Task to carry out: Set down exactly, from the records below, the line with "Йоханнесбург. 13 июня." through the line with "Gélules élaborées à", and nothing else.

Dataset extract:
□ □ □ □

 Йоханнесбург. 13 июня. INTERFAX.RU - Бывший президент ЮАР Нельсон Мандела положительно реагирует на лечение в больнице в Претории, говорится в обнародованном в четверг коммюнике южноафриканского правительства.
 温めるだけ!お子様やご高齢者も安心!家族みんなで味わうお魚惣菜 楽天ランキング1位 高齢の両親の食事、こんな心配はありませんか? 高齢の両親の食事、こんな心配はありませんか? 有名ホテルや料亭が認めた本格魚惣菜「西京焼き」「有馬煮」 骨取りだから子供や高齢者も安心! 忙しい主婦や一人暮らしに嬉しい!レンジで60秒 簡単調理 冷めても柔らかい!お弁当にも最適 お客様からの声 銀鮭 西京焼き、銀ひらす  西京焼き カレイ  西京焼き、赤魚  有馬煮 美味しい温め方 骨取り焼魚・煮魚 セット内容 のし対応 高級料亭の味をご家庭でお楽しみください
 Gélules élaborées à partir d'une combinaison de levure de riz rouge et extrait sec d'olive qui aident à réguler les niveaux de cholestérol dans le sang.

□ □ □ □

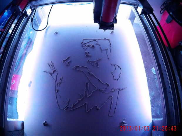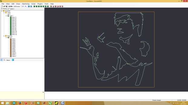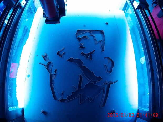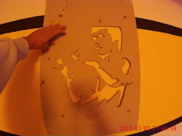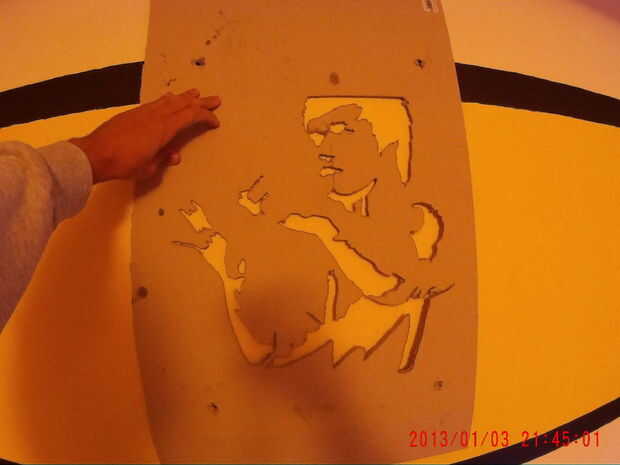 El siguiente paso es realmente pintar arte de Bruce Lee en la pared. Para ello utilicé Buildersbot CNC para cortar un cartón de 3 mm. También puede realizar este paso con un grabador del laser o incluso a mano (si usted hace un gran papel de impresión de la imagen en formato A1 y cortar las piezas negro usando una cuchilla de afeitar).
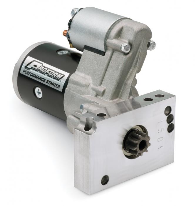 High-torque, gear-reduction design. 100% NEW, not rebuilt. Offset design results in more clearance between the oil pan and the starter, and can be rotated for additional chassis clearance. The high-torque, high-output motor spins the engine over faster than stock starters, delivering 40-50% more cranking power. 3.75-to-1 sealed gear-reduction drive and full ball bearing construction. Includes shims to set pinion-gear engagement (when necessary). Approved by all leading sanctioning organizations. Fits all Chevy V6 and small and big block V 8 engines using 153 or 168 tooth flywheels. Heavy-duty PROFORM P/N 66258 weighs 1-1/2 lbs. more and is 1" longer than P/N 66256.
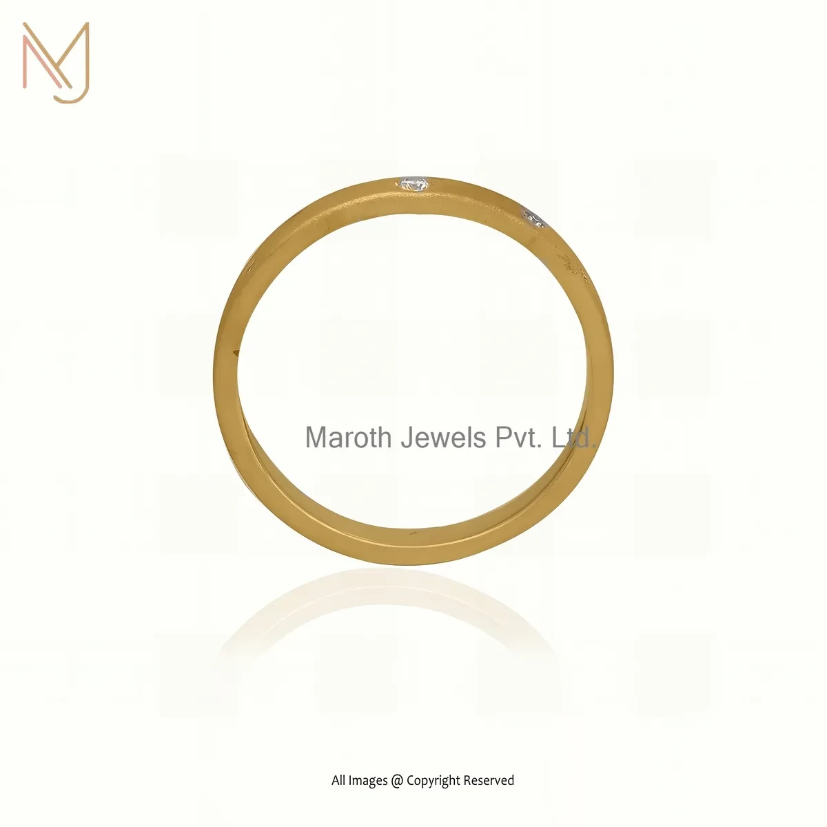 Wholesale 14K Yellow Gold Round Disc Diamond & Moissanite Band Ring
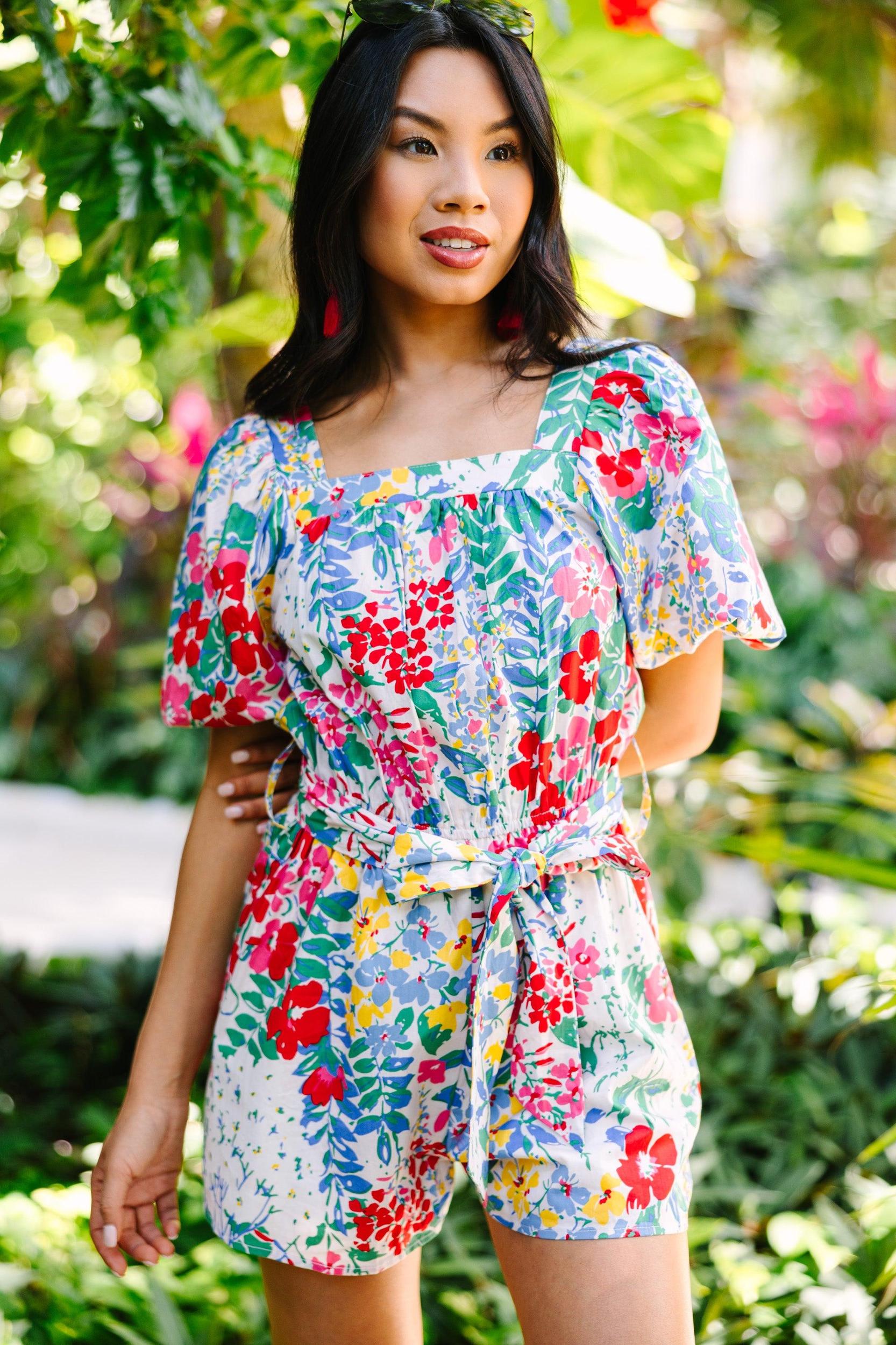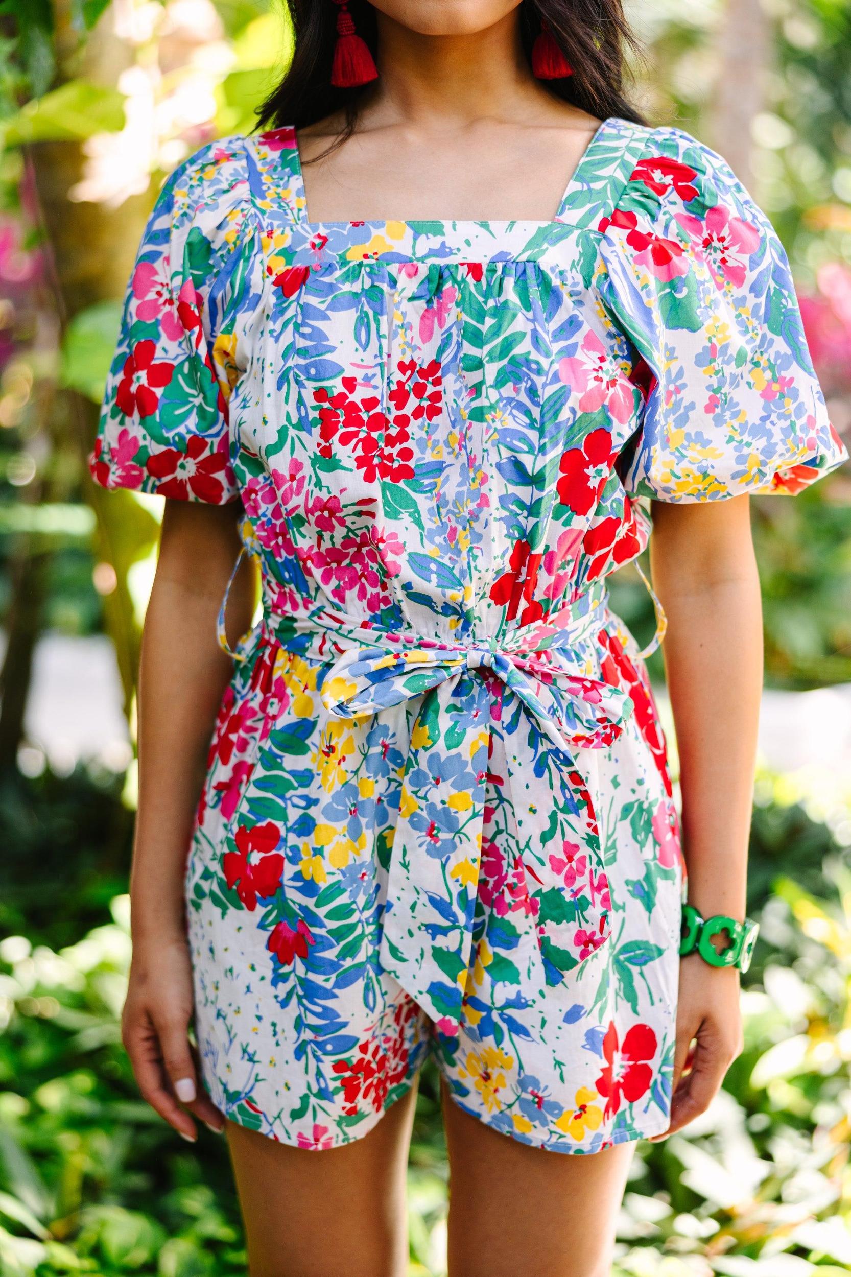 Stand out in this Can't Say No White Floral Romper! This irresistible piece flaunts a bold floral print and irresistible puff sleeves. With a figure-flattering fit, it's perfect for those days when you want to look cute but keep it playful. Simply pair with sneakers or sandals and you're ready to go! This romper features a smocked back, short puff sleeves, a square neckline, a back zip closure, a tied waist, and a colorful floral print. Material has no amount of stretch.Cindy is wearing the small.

□ □ □ □

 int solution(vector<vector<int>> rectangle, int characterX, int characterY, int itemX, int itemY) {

□ □ □ □

Solved problem:
 Йоханнесбург. 13 июня. INTERFAX.RU - Бывший президент ЮАР Нельсон Мандела положительно реагирует на лечение в больнице в Претории, говорится в обнародованном в четверг коммюнике южноафриканского правительства.
 温めるだけ!お子様やご高齢者も安心!家族みんなで味わうお魚惣菜 楽天ランキング1位 高齢の両親の食事、こんな心配はありませんか? 高齢の両親の食事、こんな心配はありませんか? 有名ホテルや料亭が認めた本格魚惣菜「西京焼き」「有馬煮」 骨取りだから子供や高齢者も安心! 忙しい主婦や一人暮らしに嬉しい!レンジで60秒 簡単調理 冷めても柔らかい!お弁当にも最適 お客様からの声 銀鮭 西京焼き、銀ひらす  西京焼き カレイ  西京焼き、赤魚  有馬煮 美味しい温め方 骨取り焼魚・煮魚 セット内容 のし対応 高級料亭の味をご家庭でお楽しみください
 Gélules élaborées à partir d'une combinaison de levure de riz rouge et extrait sec d'olive qui aident à réguler les niveaux de cholestérol dans le sang.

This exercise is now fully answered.